Indeed, the National Nurses Examination is so difficult that on only about 50 
percent of Japanese nursing candidates who take it pass. Hirohiko Nakamura, a 
member of the House of Councillors, the upper house of Japan's bicameral 
parliament, said the test is full of "trick" questions designed to trip up the 
candidates.

"Not even Taro Aso could pass it," he joked, referring to the former premier 
who often stumbled over Kanji. More seriously he said that reading the exam 
questions gave him a sense of meanness and a feeling of disgust.

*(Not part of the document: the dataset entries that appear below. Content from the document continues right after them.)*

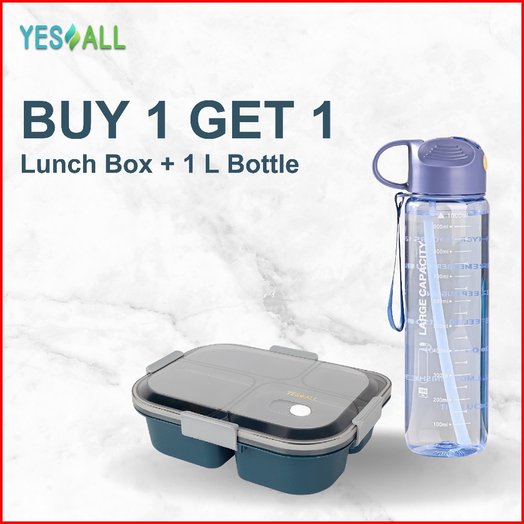 Buy1get1 Yesall Lunch Box Botol Minum Transparan 1000ml - Kotak Makan Tempat Bekal Wadah Makan Bontot Bento 4 Grid Bpa F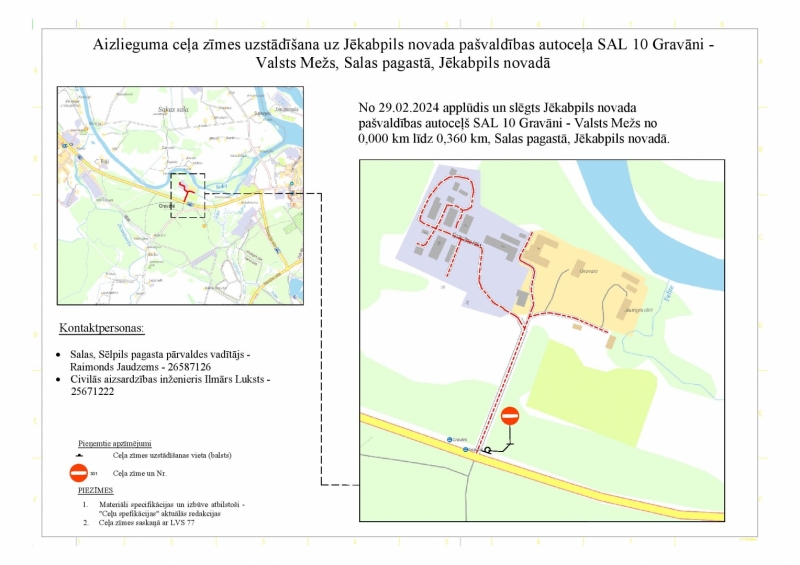 No 29.02.2024 applūdis un slēgts Jēkabpils novada pašvaldības autoceļš SAL 10 Gravāni - Valsts Mežs no 0,000 km līdz 0,360 km, Salas pagastā, Jēkabpils novadā.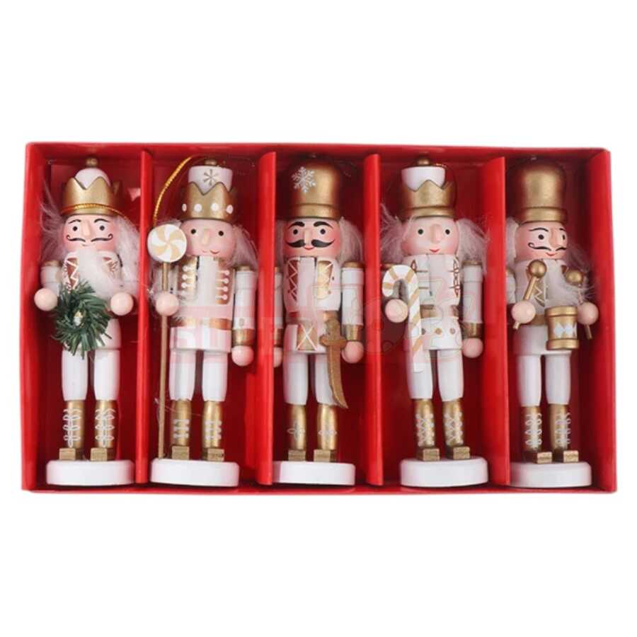 Bu 5-lü Şelkunçik fiquru dəsti Yeni İl yolkanız üçün zərif və klassik dekor seçimidir. Qızılı-ağ rəng çalarlarında dizayn edilmiş fiqurlar bayram ab-havasını daha da şıq və dəbdəbəli göstərir. Dəstdə müxtəlif formalı Şəlkunçik fiqurları yer alır – hər biri fərqli atributla (lolipop, qılınc, baraban və s.) hazırlanıb. Yolka bəzəyi və ev dekorasiyası üçün ideal seçimdir.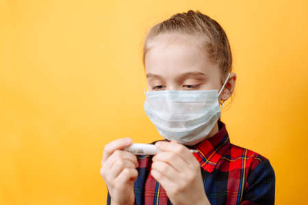 Temperature measurement of a sick child with a non-contact digital infrared thermometer showing fever. Schoolgirl girl with high fever. Pandemic, flu epidemic concept.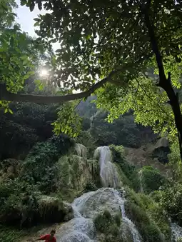 Erawan Waterfall, Kanchanaburi has an entrance fee of 60 baht for adults and 30 baht for children. Anyone who wants to swim must wear a life jacket for safety. They have life jackets for rent for 20 baht per person. There are 7 levels of the waterfall. Each level has its own unique beauty. Each level has its own name. The atmosphere is shady and cool. It is perfect for relaxing. I recommend coming early in the morning. Otherwise, you won't be able to walk to level 7. I recommend that those who are physically fit walk up to level 7 because each level has its own unique beauty.

Wahyadin said a few simple changes would make the exams fairer for foreigners 
and help salvage the program. He asked that the examiners to rewrite the test 
questions using more simplified language. As it is, the test includes technical 
Kanji that even ordinary Japanese would find difficult to read. He added that 
candidates should be allowed to take the test two or three times before being 
sent home.

Japan's professional associations are well known to be tenacious defenders of 
their interests and often closely allied with government politicians, and the 
nurses are no different. The Japan Nurses Association (JNA) vigorously opposed 
the foreign nursing program from the very beginning. It even tried to limit it 
to a handful of 10-20 nurses.

"There is a feeling [among some] that there is no way that we can have foreign 
hands touching the bodies of Japanese," said Nakamura. "Without foreign 
pressure there is no way this would have come about in the first place," he 
said. Even now some senior civil servants in the Ministry of Health continue to 
oppose the scheme.

It was the JNA which lobbied the government for a number of strict conditions 
meant to hobble the program, of which, of course most notable was the 
requirement that the caregivers had to pass the national examination within 
three years. The test is so difficult for foreigners that it constitutes a de 
facto ban on the importation of nurses from Southeast Asian countries, critics 
maintain.

The Asian caregiver must also pass a qualifying examination in his or her own 
country before even being allowed to come to Japan. But other countries, such 
as the United States, recognize these qualifications and require nothing more. 
It's only a matter of time before Japan moves to mutual recognition as 
professionals, Nakamura said.

The question of importing more Asian migrant workers tends to cut across party 
lines. Some politicians are for opening up Japan, some are against. Nakamura, a 
vocal proponent of an open door, is a member of the usually more conservative 
Liberal Democratic Party (LDP). There is no mystery where he stands: "If we 
don't open doors to Asia we could see the collapse of the country," he said.